WHAT IS NEEDED: Your answer must be an exact copy of the data, without any pictures.

DATA BLOCK:
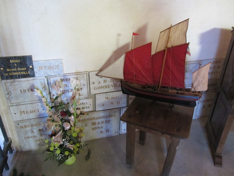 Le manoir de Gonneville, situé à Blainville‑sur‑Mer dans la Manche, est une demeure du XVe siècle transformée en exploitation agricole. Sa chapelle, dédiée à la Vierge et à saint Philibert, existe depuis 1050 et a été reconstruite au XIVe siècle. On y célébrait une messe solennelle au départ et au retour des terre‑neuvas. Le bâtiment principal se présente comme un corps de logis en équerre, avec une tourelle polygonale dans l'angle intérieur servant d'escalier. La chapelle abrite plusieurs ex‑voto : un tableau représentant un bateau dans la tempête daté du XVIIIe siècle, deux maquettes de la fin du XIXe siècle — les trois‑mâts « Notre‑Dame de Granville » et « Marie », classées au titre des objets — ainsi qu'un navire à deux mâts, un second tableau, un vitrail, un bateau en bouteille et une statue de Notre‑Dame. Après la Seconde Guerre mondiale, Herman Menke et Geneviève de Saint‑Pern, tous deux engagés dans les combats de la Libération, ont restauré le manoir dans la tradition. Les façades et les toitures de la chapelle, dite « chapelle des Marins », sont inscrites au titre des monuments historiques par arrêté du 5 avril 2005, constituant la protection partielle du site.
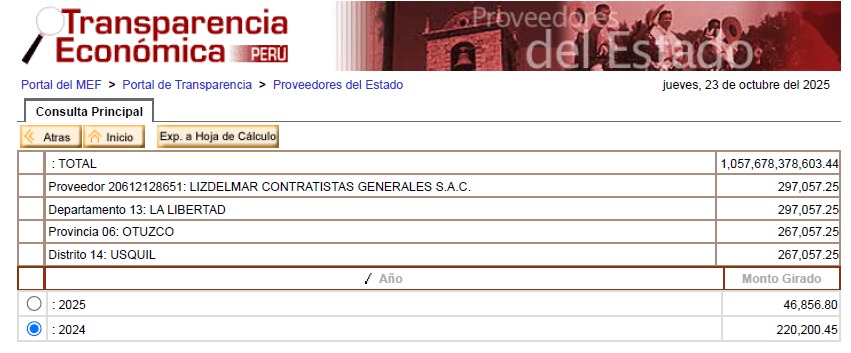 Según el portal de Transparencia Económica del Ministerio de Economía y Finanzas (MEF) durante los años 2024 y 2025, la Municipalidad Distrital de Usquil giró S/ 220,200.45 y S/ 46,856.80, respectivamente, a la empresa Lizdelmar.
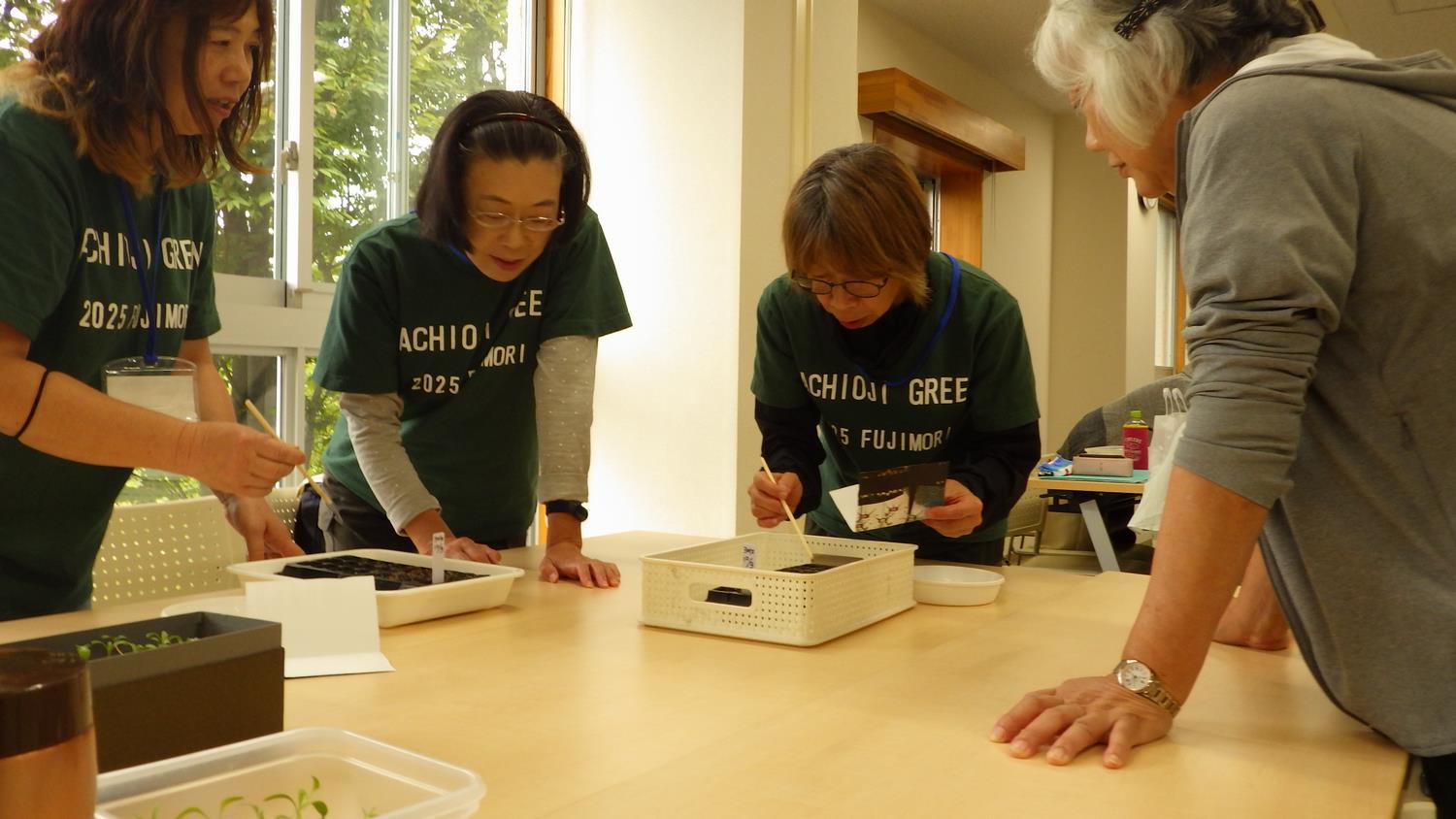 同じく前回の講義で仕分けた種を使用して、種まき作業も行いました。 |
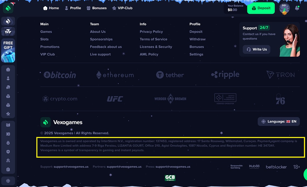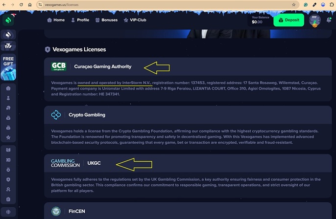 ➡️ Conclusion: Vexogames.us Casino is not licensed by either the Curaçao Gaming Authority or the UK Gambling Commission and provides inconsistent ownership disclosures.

TASK SOLUTION:
 Le manoir de Gonneville, situé à Blainville‑sur‑Mer dans la Manche, est une demeure du XVe siècle transformée en exploitation agricole. Sa chapelle, dédiée à la Vierge et à saint Philibert, existe depuis 1050 et a été reconstruite au XIVe siècle. On y célébrait une messe solennelle au départ et au retour des terre‑neuvas. Le bâtiment principal se présente comme un corps de logis en équerre, avec une tourelle polygonale dans l'angle intérieur servant d'escalier. La chapelle abrite plusieurs ex‑voto : un tableau représentant un bateau dans la tempête daté du XVIIIe siècle, deux maquettes de la fin du XIXe siècle — les trois‑mâts « Notre‑Dame de Granville » et « Marie », classées au titre des objets — ainsi qu'un navire à deux mâts, un second tableau, un vitrail, un bateau en bouteille et une statue de Notre‑Dame. Après la Seconde Guerre mondiale, Herman Menke et Geneviève de Saint‑Pern, tous deux engagés dans les combats de la Libération, ont restauré le manoir dans la tradition. Les façades et les toitures de la chapelle, dite « chapelle des Marins », sont inscrites au titre des monuments historiques par arrêté du 5 avril 2005, constituant la protection partielle du site.
 Según el portal de Transparencia Económica del Ministerio de Economía y Finanzas (MEF) durante los años 2024 y 2025, la Municipalidad Distrital de Usquil giró S/ 220,200.45 y S/ 46,856.80, respectivamente, a la empresa Lizdelmar.
 同じく前回の講義で仕分けた種を使用して、種まき作業も行いました。 |
 ➡️ Conclusion: Vexogames.us Casino is not licensed by either the Curaçao Gaming Authority or the UK Gambling Commission and provides inconsistent ownership disclosures.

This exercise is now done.